The true story of Virginia Christian, a 16-year-old African American girl accused of murder in the Jim Crow South.
Director’s Vision
AN ACT OF TERROR is a short film based on the true story of Virginia Christian, a 16-year-old African American girl who was accused of murdering the white woman she worked for in Hampton, Virginia in 1912. I encountered Virginia Christian’s story around the same time #sayhername and #findourgirls were trending on social media. Sandra Bland. Tarika Wilson. Korryn Gaines. Name by name my eyes were opened to the violent oppression and silencing of Black women in America. I saw Virginia Christian in every brutal story.
The film’s final sequence is a call to confront the narrative of racial difference that sanctioned slavery, allowed thousands of Black Americans to be lynched, and stubbornly persists in our criminal justice system today. Racial injustice endures because white Americans seem determined to remain blind to its violent presence in the bedrock of our institutions. Once you encounter a story like Virginia Christian’s, that truth is impossible to ignore.

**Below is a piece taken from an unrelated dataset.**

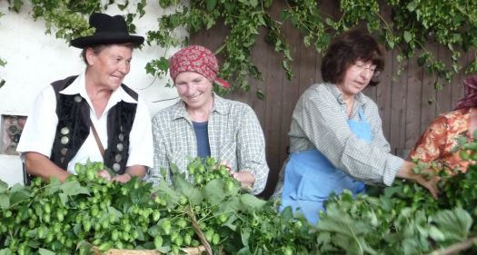 Auf ihren „Schamerln“ sitzend zupften die fleißigen Pflückerinnen unter den neugierigen Blicken der Zuschauer das grüne Gold von den Reben. Wer noch nie echten Hopfen gesehen hatte, durfte natürlich selber Hand anlegen und somit die Faszination „Hopfen“ hautnah erleben.
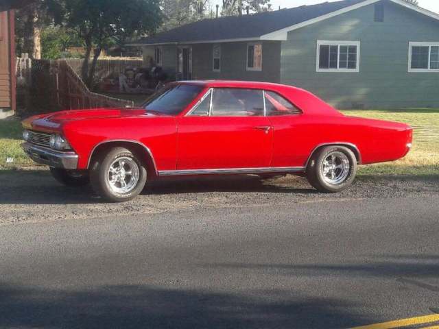 VERY NICELY RESTORED 66 CHEVELLE. FACTORY BENCH SEAT 4 SPEED WITH ORIGINAL 12 BOLT REAR END. FRESH BUILT 327 WITH ORIGINAL MUNCIE 4 SPEEDAND ORIGINAL SHIFTER.NEW URETHANE BASE CLEAR PAINT, NEW INTERIOR. COMPLETELY STRIPPED THEN NEW QUARTER PANELS WERE INSTALLED ALONG WITH PANEL BEHIND REAR WINDOW. ORIGINAL CALIFORNIA CAR WITH NICE ORIGINAL FLOORS.TRUNK IS NICE AS WELL. NEW TORQ THRUST 2'S WITH NEW BFG'S. I BOUGHT A NEW PLACE AND I HAVE TO FINISH MY SHOP. SO IT HAS TO GO.CAR RUNS AND DRIVES AWESOME SOUNDS GREAT TOO.MORE PICS TO COME WHEN I GET A CHANCE BUT VERY NICE CAR I HATE TO PART WITH.CALL LARRY WITH QUESTIONS 541-390-7777 THANKS

History repeats itself because stories like Virginia Christian’s disappear. Through AN ACT OF TERROR, I hope we’re able to more closely examine America’s failure to address its legacy of racial inequality and the centuries of racial terror that legacy has wrought. Until we find the courage to do so, we are bound to the ugly history we have inherited and the lies we’ve told ourselves to live with it.